Another interesting area where this holds is interviewing and hiring, a notoriously difficult “low-validity” environment. Even elite firms often don’t do it that well, as has been well documented.

Fortunately, if we take heed of the advice of the psychologists, operating in a low-validity environment has rules that can work very well. In Thinking Fast and Slow, Kahneman recommends fixing your hiring process by doing the following (or some close variant), in order to replicate the success of the algorithms:

Suppose you need to hire a sales representative for your firm. If you are serious about hiring the best possible person for the job, this is what you should do. First, select a few traits that are prerequisites for success in this position (technical proficiency, engaging personality, reliability, and so on). Don’t overdo it — six dimensions is a good number. The traits you choose should be as independent as possible from each other, and you should feel that you can assess them reliably by asking a few factual questions. Next, make a list of questions for each trait and think about how you will score it, say on a 1-5 scale. You should have an idea of what you will call “very weak” or “very strong.”
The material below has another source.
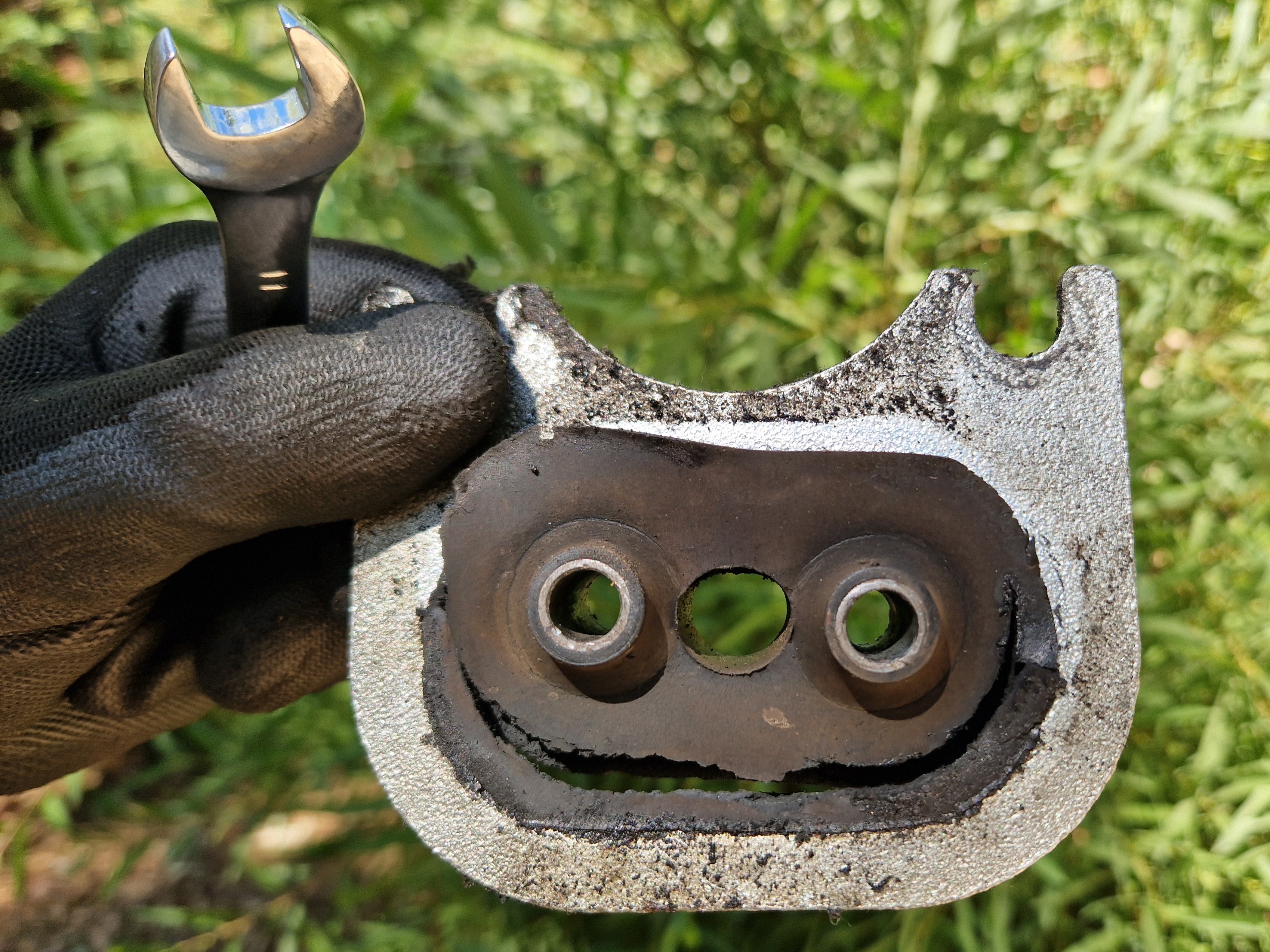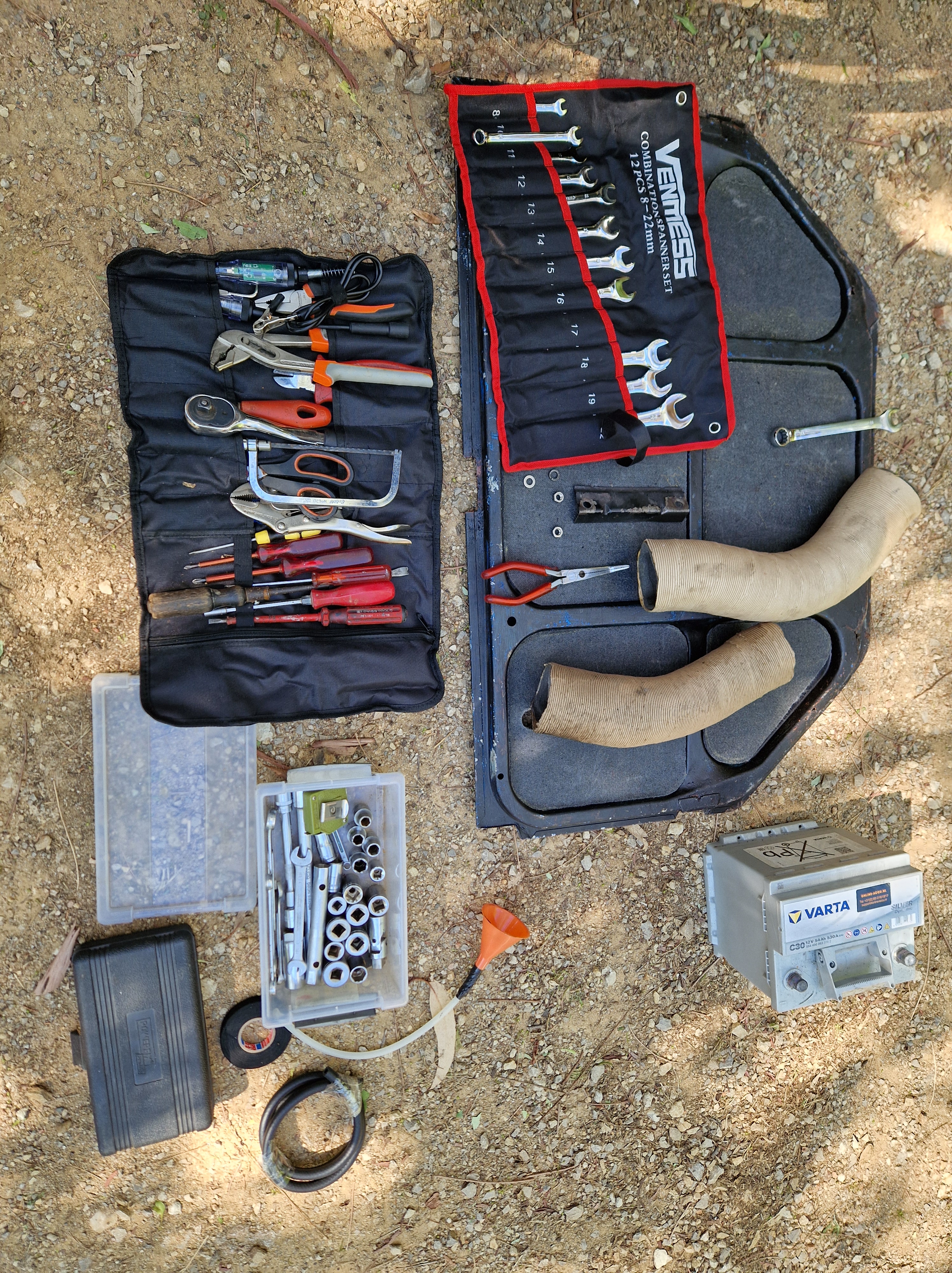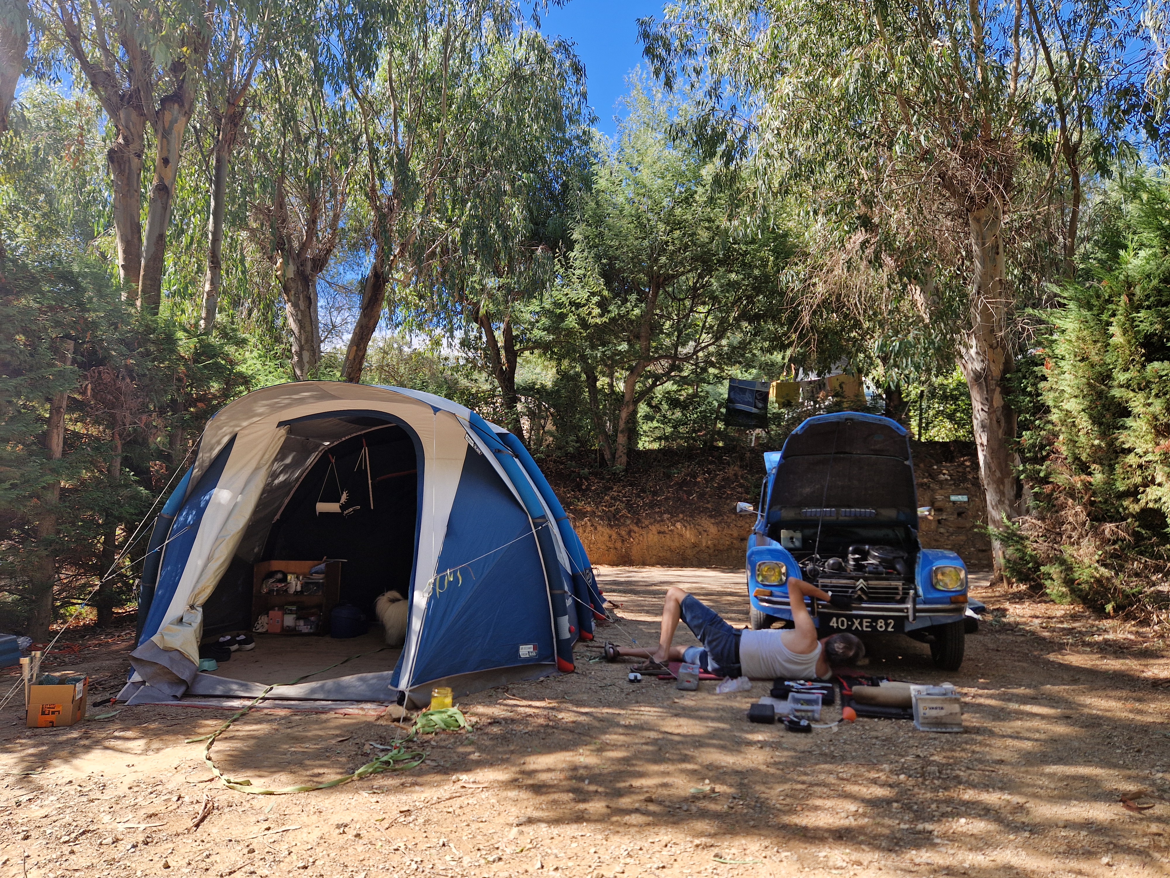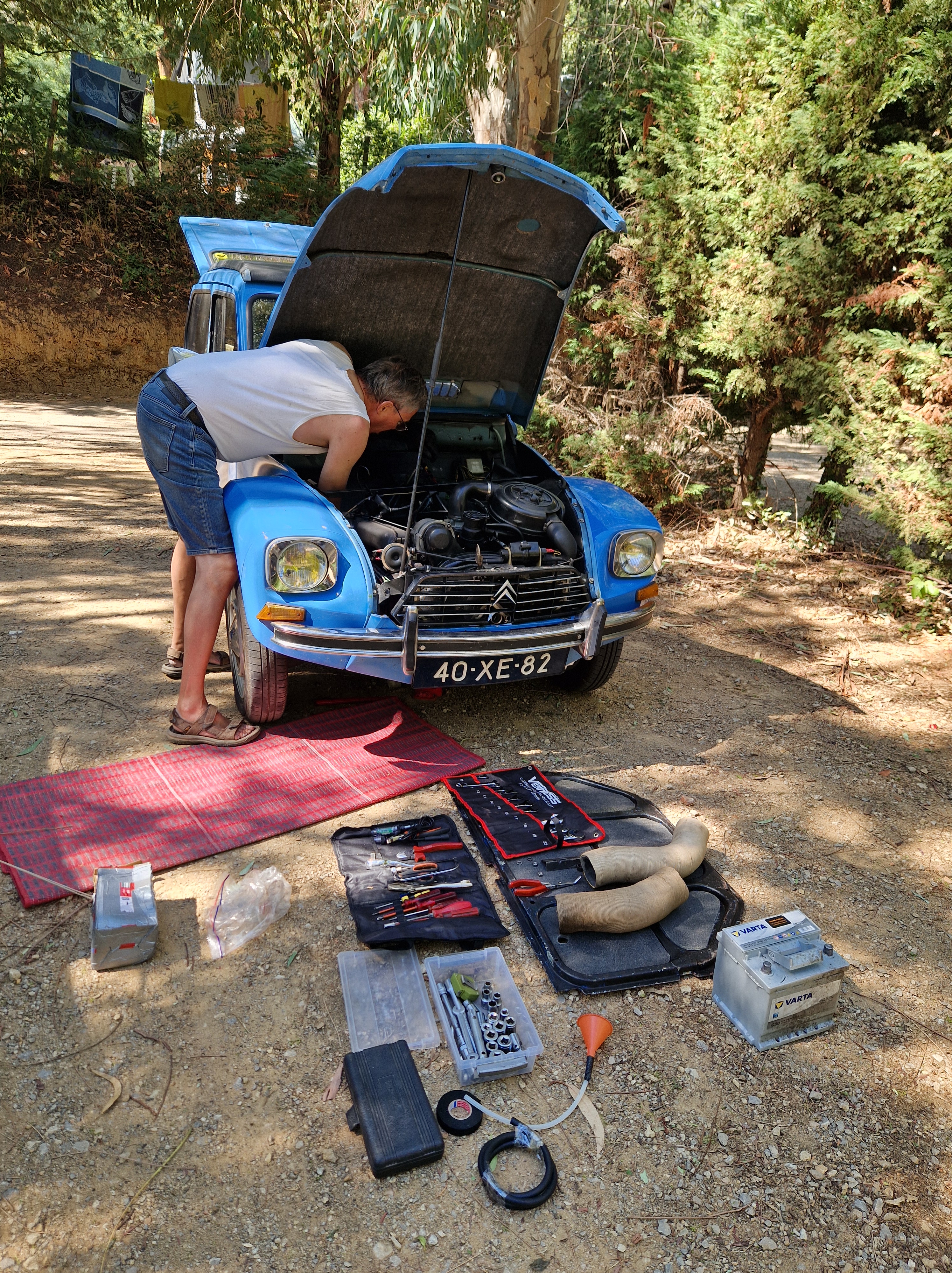 Gijs duikt onder de auto. Er is niets leuker dan knutselen aan je karretje op de camping. Zie je wel dat al dat gereedschap van pas komt. Met enig geweld komt de steun los, aan het gesmolten en gesleten rubber is goed te zien wat het ding te lijden heeft gehad van de bloedhete ritten boven zinderend asfalt. Geen wonder dat ons bij aanvang zo timide ezeltje zo ging bokken na verloop van tijd.

These preparations should take you half an hour or so, a small investment that can make a significant difference in the quality of the people you hire. To avoid halo effects, you must collect the information one at a time, scoring each before you move on to the next one. Do not skip around. To evaluate each candidate, add up the six scores. […] Firmly resolve that you will hire the candidate whose final score is the highest, even if there is another one whom you like better–try to resit your wish to invent broken legs to change the ranking. A vast amount of research offers a promise: you are much more likely to find the best candidate if you use this procedure than if you do what people normally do in such situations, which is to go into the interview unprepared and to make choices by an overall intuitive judgment such as “I looked into his eyes and liked what I saw.”

In the battle of man vs algorithm, unfortunately, man often loses. The promise of Artificial Intelligence is just that. So if we’re going to be smart humans, we must learn to be humble in situations where our intuitive judgment simply is not as good as a set of simple rules.